Tracked as CVE-2017-11103, and dubbed Orpheus’ Lyre (by Jeffrey Altman, Viktor Dukhovni and Nicolas Williams), The issue could result in a remote privilege escalation and credential theft, and can trigger it to access the target network.
The issue is related to the way Kerberos handles authentication messages, Dukhovni discovered that flawed implementations of Kerberos fetched metadata from unprotected key distribution centre (KDC) tickets rather than encrypted KDC responses which he classed as a logic error.
Patches were issued last week by Microsoft and several Linux vendors, which of course needs to be taken up now; a sound security patching policy should be in place to ensure business systems are left vulnerable for as little time as possible.
Dukhovni being relevantly new to Kerberos was a factor in the discovery of this vulnerability according to Altman; He went on to suggest that junior developers, because of their greater inquisitiveness, would be more likely to find bugs like this, He also noted that awareness of their lack of seniority might make them reluctant to speak up.
Altman in an interview with The Register said “As far as we know there are no exploits in the wild.
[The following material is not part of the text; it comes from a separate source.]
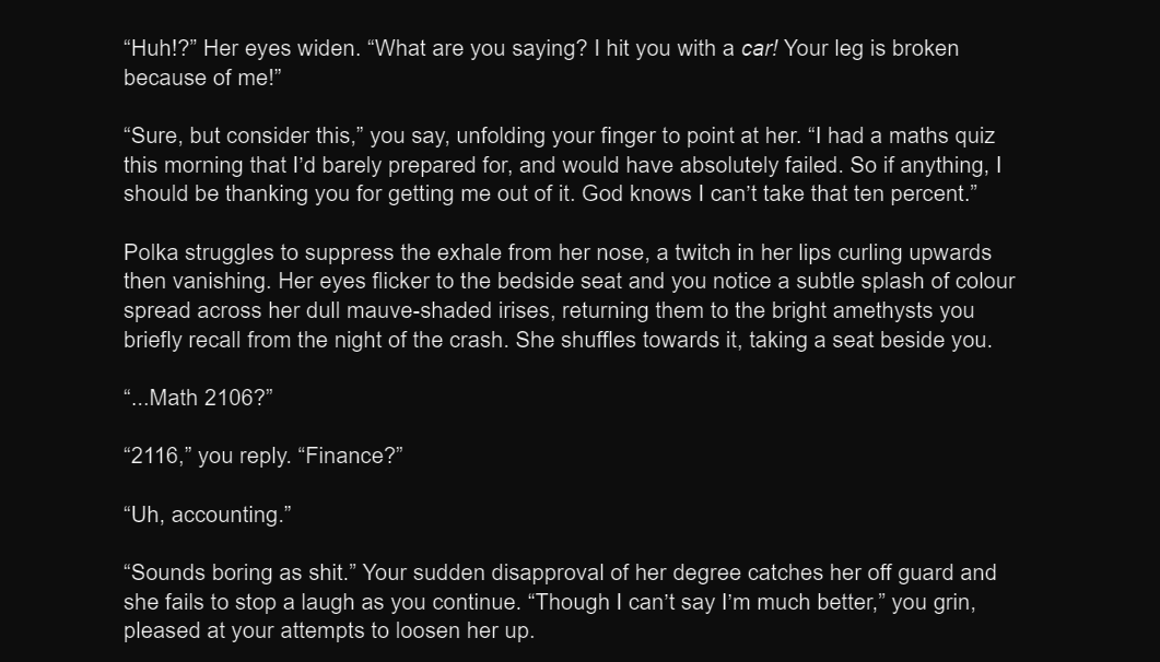 >>48475598"The rotten wood creaked with the every step of your shoddy leather boots in desperate need of repair. The place was dead silent, littered with cobwebs, and the only natural light coming in was that of the waning moon seeping through the boarded up windows of the room. This job of yours required a certain degree of caution, though not unlike any other. An old and abandoned castle said to have been overcome with a curse centuries ago due to the greed of the king who owned the place.

But it certainly is exploitable and we consider it to be very serious.” Altman said every Kerberos implementation needs to be checked for this issue. While efforts have been made to notify companies like Microsoft that rely on Kerberos, not every vendor can be expected to have fixed the vulnerability.
“Given how broadly Kerberos has been deployed over the last almost 30 years, it clearly is in a wide ecosystem with a lot of different vendors,” he said, adding that some affected code may never be fixed because the vendors no longer exist.
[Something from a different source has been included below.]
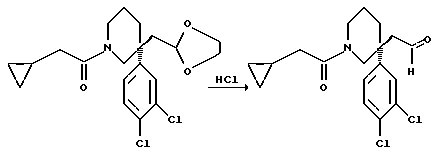 ПОЛУЧЕНИЕ 423(S)-1-Циклопропилацетил-3-(3,4-дихлорфенил)формилметилпиперидин ![]() К раствору соединения ПОЛУЧЕНИЯ 41 (0,7 г, 1,76 ммоль) в тетрагидрофуране (10 мл) добавляли хлористоводородную кислоту (10 мл, 5 н. раствор) и смесь перемешивали при комнатной температуре в течение 5 часов. Смесь затем распределяли между этилацетатом (30 мл) и насыщенным водным раствором бикарбоната натрия (30 мл) и органическую фазу сушили над безводным сульфатом магния. Растворитель удаляли при пониженном давлении, получая указанное в заголовке соединение (0,62 г), которое использовали без дальнейшей очистки. 1H-NMR (CDCl3): = 0.1-0.2 (m, 2H), 0.5-0.6 (m, 2H), 0.9-1.0 (m, 1H), 1.6-2.3 (m, 6H), 2.65-2.7 (m, 2H), 3.4-3.5 (m, 2H), 3.8, (d, 1H), 4.05 (d, 1H), 7.3-7.5 (m, 3H), 9.5 (s, 1H).

The Orpheus’ Lyre bug arose independently in multiple different Kerberos 5 implementations, including one by KTH Royal Institute of Technology in Sweden (Heimdal) and one by Microsoft.
“The frightening part about this bug is it wasn’t a bug in one or two implementations, it had been implemented over and over again,” said Altman.
Altman’s comment about the greater inquisitiveness of junior developers being more likely to find such bugs, in part echoes what I have observed and contributed to in IT Helpdesks and Technical Support Team settings. Sometimes a non-expert on a given technology contributes to solving even the most foxing of problems more swiftly as a result of not knowing the product or system as well as their fellow colleagues tasked with said case. Often by asking the rudimentary questions or exploring ‘glossed over’ troubleshooting avenues.